230 A.D. 591 | N.Y. App. Div. | 1930
The defendant has served a notice for a wide examination of the plaintiff before trial. Plaintiff moved to vacate or modify this notice. The motion was denied and the appeal is from the order of denial.
The plaintiff is a member of the bar and in his complaint sets forth causes of action for legal services rendered to the defendant over a period beginning in September, 1922, and ending in December, 1929. The value of the services as stated in the complaint is $200,000.
The answer not only puts in issue the principal allegations of the complaint, but alleges affirmatively, in substance, that the plaintiff, during the period mentioned in the complaint, was in the general employ of the Philadelphia Rapid Transit Company; that the relations of the defendant and the Philadelphia Rapid Transit Company have been very close, both companies having employed a corporation called Mitten Management, Inc., a corporation engaged in the management of street railway and public transportation systems; that the services performed by the plaintiff in the interests of the defendant were .performed in the course of his employment by the Philadelphia Rapid Transit Company and that he has been fully compensated by that company, which, in turn, has been compensated by the defendant. .
It is the plaintiff’s contention that all the matter alleged in the answer could be shown under the denial of the allegations of the complaint to the effect that the services were performed for the defendant and at the defendant’s special instance and request, and that, therefore, the general rule which denies an examination, except where the examining party has the affirmative, should apply. It is true that such is the general rule for exercising discretion. (Sands v. Comerford, 211 App. Div. 406; Tichnor Brothers, Inc., v. Bickle, 216 id. 110.) But the power to allow an examination even upon matters relating to the adversary’s case is plenary. (Oshinsky v. Gumberg, 188 App. Div. 23; Herbage v. City of Utica, 109 N. Y. 81.) Such power, however, will only be exercised in respect to matters upon which the examining party does not have the affirmative under exceptional circumstances. (Lattimer v. Sun-Herald Corp., 208 App. Div. 503; National Fire Ins. Co. v. Shearman, 209 id. 538; Marine Trust Co. v. Nuway Devices, Inc., 204 id. 752.) We think the circumstances in this case are in some respects exceptional and that a limited examination should be allowed even though it be conceded that the plaintiff has the affirmative on the ultimate questions involved. The man with whom plaintiff claims that his contract was made is dead, and it appears from the complaint that during the entire period covered by the services until after the death of Thomas E. Mitten, no claim was made upon the defendant for compensation for the extensive services which • the plaintiff alleges were rendered at the defendant’s request. Moreover, the relation of the plaintiff with the Philadelphia Rapid Transit Company will not necessarily be covered by the plaintiff in making his direct case, and the necessity under the pleadings of producing proof as to this will, in the first instance, fall upon the defendant.
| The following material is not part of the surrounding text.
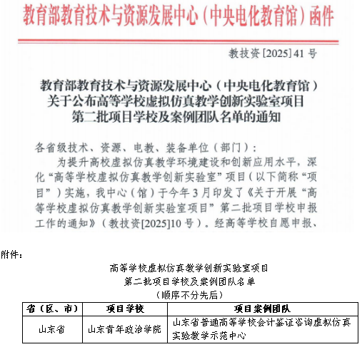 近日,教育部教育技术与资源发展中心公布了高等学校虚拟仿真教学创新实验室项目第二批项目学校及案例团队名单,会计学院“山东省普通高等学校会计鉴证咨询虚拟仿真实验教学示范中心”成功获批立项。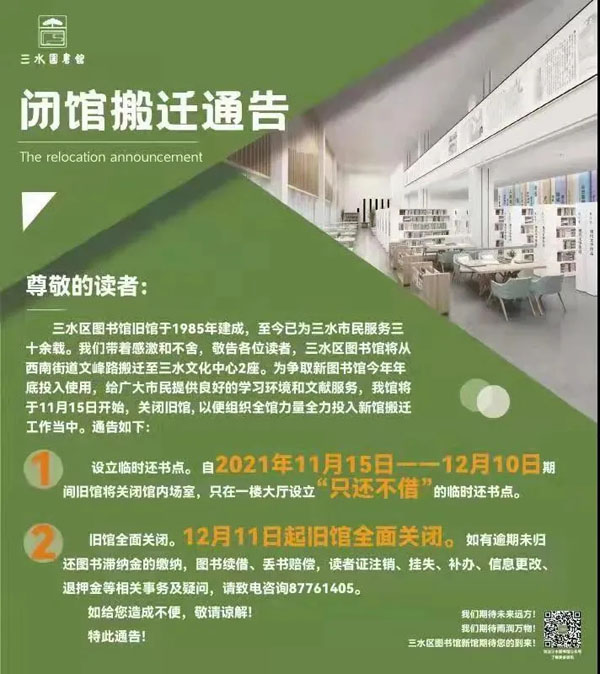 新馆地址:三水区云东海街道荷湖南路1号2座(三水文化中心2座)

We reach the conclusion, therefore, that the defendant is entitled to an examination of the plaintiff as to his conversations with Thomas E. Mitten out of which the alleged employment arose, and as to his relations with the Philadelphia Rapid Transit Company, these being the subjects mentioned in the 3d, 4th and 5th paragraphs of the defendant’s notice for an examination. The
The order should be modified by vacating the notice as to all matters therein contained, except those mentioned in paragraphs 3, 4 and 5 thereof,' and otherwise affirmed, without costs.
All concur. Present — Sears, P. J., Crouch, Taylor, Thompson and Crosby, JJ.
Order entered June 5, 1930, modified by vacating notice of examination except as to matters mentioned in paragraphs 3, 4 and 5 thereof, and as so modified affirmed, without costs of this appeal to either party.